Русский глагол в личной форме обязательно указывает на лицо и число, а если он стоит в прошедшем времени — то у него есть показатель, позволяющий определить еще и род; инфинитив глагола также маркирован.
Ясно, например, что обвинить — это глагол в инфинитиве, а обвичивает — тот же глагол в форме настоящего времени и притом несовершенного вида; обвичиватъ серподины — это сочетание глагол + прямое дополнение, причем дополнение выражено существительным во множественном числе.

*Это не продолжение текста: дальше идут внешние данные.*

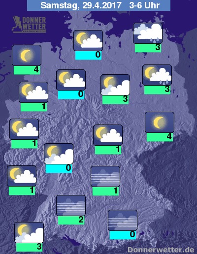 In der Nacht zum Samstag klingen die Niederschläge im Südosten ab und der Himmel lockert und klart hier, wie auch im übrigen Land, verbreitet auf. Von Berlin bis Vorpommern halten sich hingegen auch oft dichte Wolken, die für einzelne Schauer sorgen können, sonst bleibt es jedoch trocken. Die Temperatur sinkt auf 4 bis 0 Grad.

И так далее.
Значит, если вы хорошо знаете грамматику и понимаете примерно 70–75% словоупотреблений, ваши шансы понять в тексте главное весьма значительны. Вопрос в том, какие слова относятся к самым частым.
Если сделать следующий шаг, то этот же вопрос прозвучит так: что гарантирует нам, что слова, которые выше объявлены частыми, употребительны не только в одних каких–то текстах, но употребительны в среднем, более или менее в любом тексте "общего характера" — не в учебнике по геометрии, а в газете, журнале или детективном романе?
Конструируя текст "Случай с Оливером", мы "объявили" частыми слова, которые считаются таковыми согласно частотному словарю Штейнфельдт. Не входя в детали, добавим, что при определенных недостатках этот словарь относительно надежен в определении наиболее частых слов в текстах, которые еще не так давно читали в начальной школе.
Психолингвистика не занимается составлением частотных словарей, она ими пользуется. Но вопрос о том, как узнать, какие слова — частые, а какие — нет, может быть решен не только путем обращения к частотному словарю, основанному на анализе письменных текстов или записей устной речи. И вот здесь мы обращаемся к очень любопытной проблеме — проблеме наших знаний о языке, в частности знаний о степени употребительности тех или иных элементов речи.
Об этом мы будем говорить в следующей главе.